Duration modeling using DNN for Arabic speech synthesis

Imene Zangar, Zied Mnasri, Vincent Colotte, Denis Jouvet, Amal Houidhek

Duration modeling is a key task for every parametric speech synthesis system. Though such parametric systems have been adapted to many languages, no special attention was paid to explicitly handling Arabic speech characteristics. Actually, in Arabic phoneme duration has a distinctive role, because of consonant gemination and vowel quantity. Therefore, a precise modeling of sound durations is critical.
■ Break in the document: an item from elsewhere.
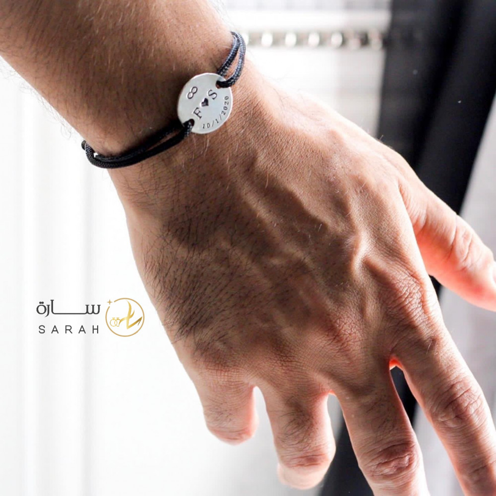 اختاري له أجمل هدية تلمس قلبه اسوارة رجالية فخمة من النحاس بطلاء فضي أصلي لا يصدأ وعبارة سأختارك دائما وأبدا أو أي عبارة أخرى حسب الطلب والخيط باللون الأسود الأنيق

In this paper we compare several modeling of phoneme durations (including duration modeling by HTS and MERLIN toolkits), and we propose a new approach which relies on using a set of models, each one being optimal for a given phoneme class (e.g., simple consonants, geminated consonants, short vowels, and long vowels). An objective evaluation carried out on a set of test sentences shows that the proposed approach leads to a more accurate modeling of the phoneme durations.

 DOI: 10.21437/SpeechProsody.2018-121

Cite as: Zangar, I., Mnasri, Z., Colotte, V., Jouvet, D., Houidhek, A. (2018) Duration modeling using DNN for Arabic speech synthesis. Proc. 9th International Conference on Speech Prosody 2018, 597-601, DOI: 10.21437/SpeechProsody.2018-121.